Sometimes I organize bridge or canasta tournaments here, in the evening.”
“Ah, yes, I remember; charity tournaments, aren’t they? And for whose benefit?”
“The last one I had was for men blinded in the war.”
“Blinded in the war. We were all, in a way, blinded in the war, weren’t we?”
“Frankly, I don’t understand you. But if this is some sort of joke, it’s not in very good taste.”
“Never mind. And do you go and visit dressmakers?”
“Seeing that I don’t go about naked, of course I do. In fact I’m glad you reminded me, otherwise I should have forgotten; there’s Fanti’s dress show tomorrow.”
“Ah, Signora Fanti! The same as ever. Will she never die?”
“Poor thing, why should you want her to die? Not merely is she not dead, but she remembers you, from the time when you were a little boy and used to go with me to see her.

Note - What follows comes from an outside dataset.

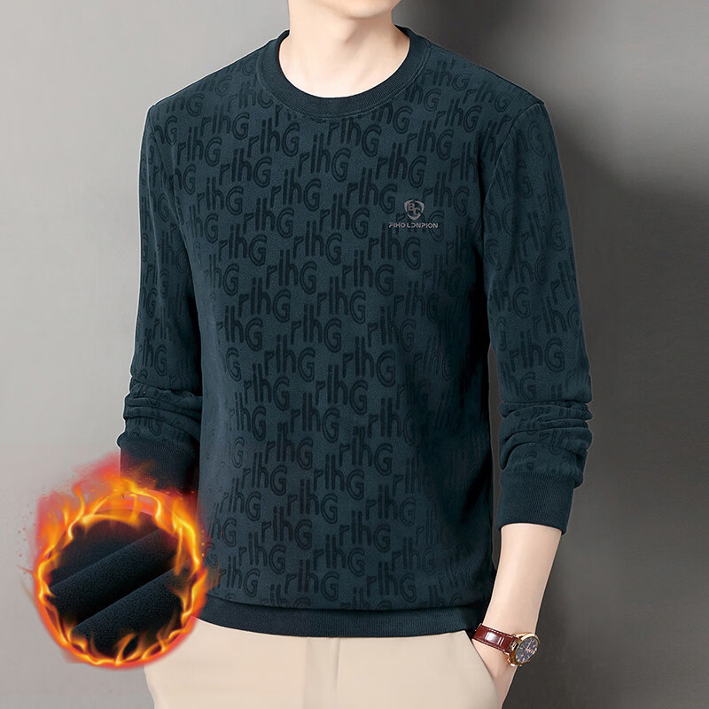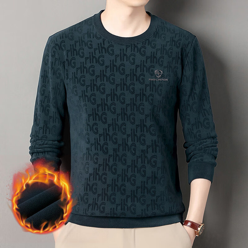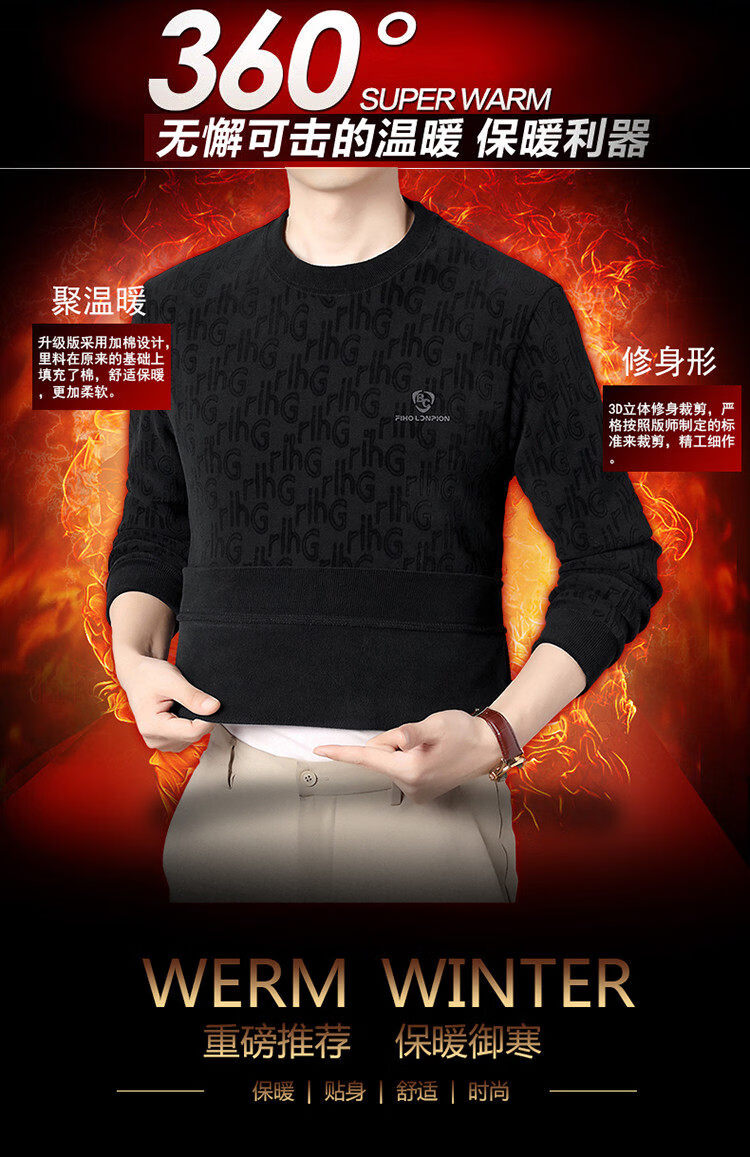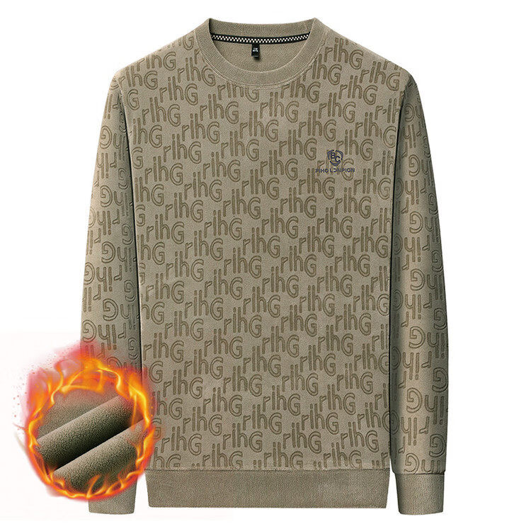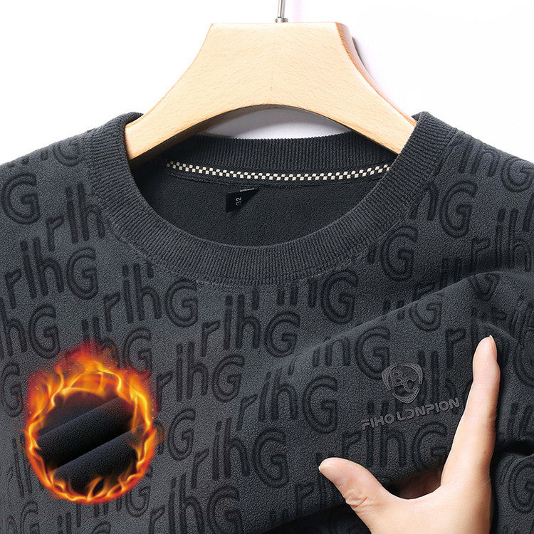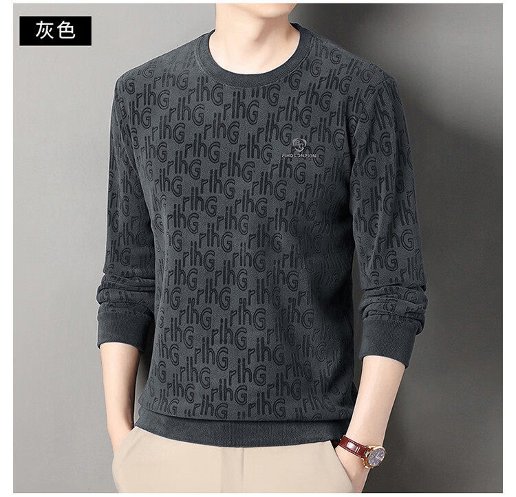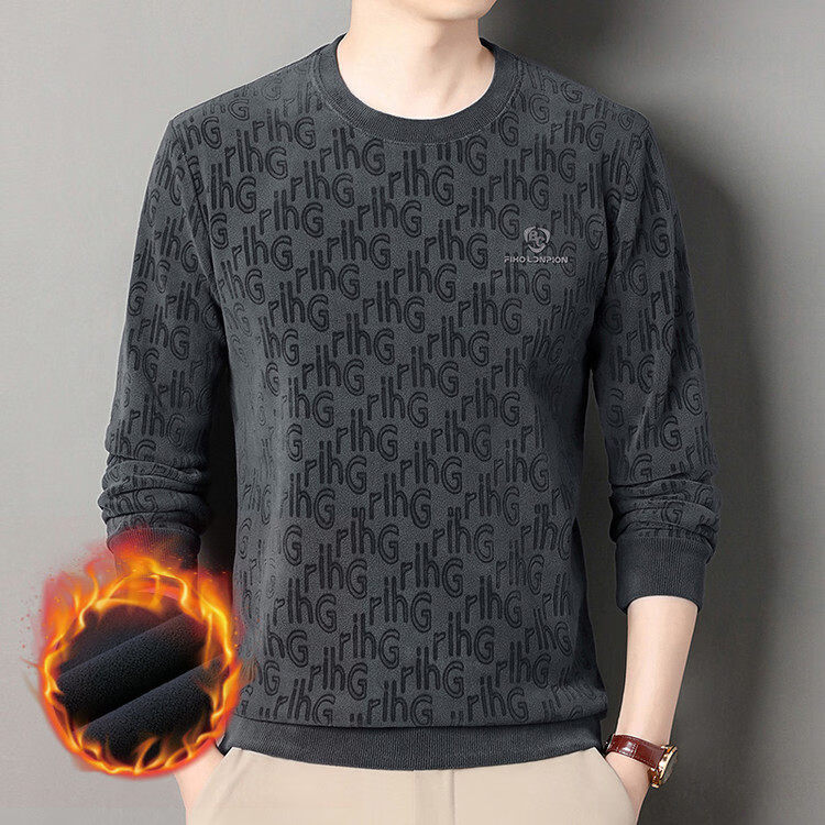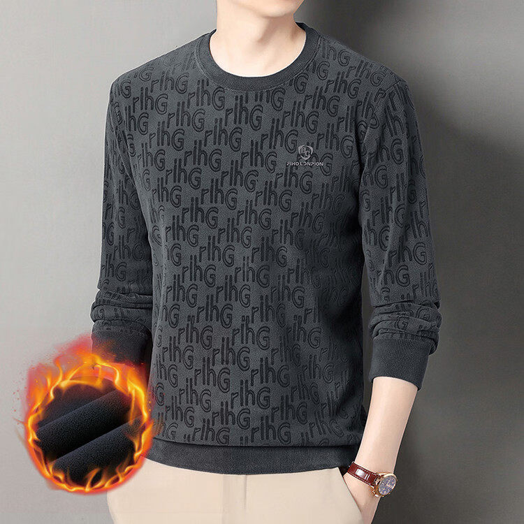 Dances with Wolves (DANCING WOLVES) fleece men's sweatshirt winter round neck long-sleeved warm thickened loose bottoming shirt gray L 58-4x-130

She always asks me what you’re doing and how you are, and she hopes you’ll get married and send your wife to her.”
“Well, what do you do in the evening?”
“I have dinner. Often someone comes to dine with me. Sometimes I give a dinner party of six or eight people, and others come in after dinner. Or I go to the theater or the pictures with friends, always the same ones. But more often I watch television.”
“You’ve bought a television set, have you? I didn’t know.”
“Oh, hadn’t I told you? Yes, and I’ve had it arranged in a little sitting room upstairs. Some neighbors of mine come in and we watch it together. And often I watch it alone. I like television; it’s better than the films; there’s no need to leave the house, you can see it sitting in a comfortable armchair and you can do something else at the same time. Just imagine, I’ve taken to knitting again, after not doing any for years and years. I’m making a cardigan.”
“And after television, what then?”
“I go to bed. What do you expect me to do?”
“Oh well, you might read a book, for instance.”
“Yes, I do read, in order to put myself to sleep. At the moment I’m reading quite an interesting novel.”
“Who’s the author?”
“I don’t remember who the author is, it’s an American novel. About life in a small provincial town.”
“What’s its title?” I saw an expression of uncertainty come over her face, and hastily added: “I was forgetting, never in your life have you remembered either the name of the author or the title of the books you read. Isn’t that so?”
I had spoken in a tone of voice which was perhaps almost affectionate; anyhow, the fact of my having remembered something connected with her seemed to give her pleasure. She gave a modest laugh. “That’s not true,” she said. “But really, how can one be expected to remember some of these names? Besides, what matters to me is to pass the time, more than anything else. One author or another, it’s all the same to me.”
“Exactly. Do you still take camomile before you go to sleep?”
“How did you come to remember that? Yes, I do.”
“Do they bring it up to your room? Do they put it on the bedside table?”
“That’s right, on the bedside table.”
I fell silent, with a sense of satiety, of futility. I might, I reflected, go on questioning my mother for hours and still not come to a conclusion about anything: her life, and she herself, had by now attained a degree of utter meaninglessness which amounted, in the long run, to a sort of mystery at the same time both dull and impenetrable. My mother asked: “Is the cross-examination over, then? Or do you want to know what dreams I have while I am asleep?”
“I’m satisfied.”
There was silence again. Then my mother unexpectedly said: “Your mother is a woman who lives alone and who has no one but you and is happy that you are coming back to live with her.”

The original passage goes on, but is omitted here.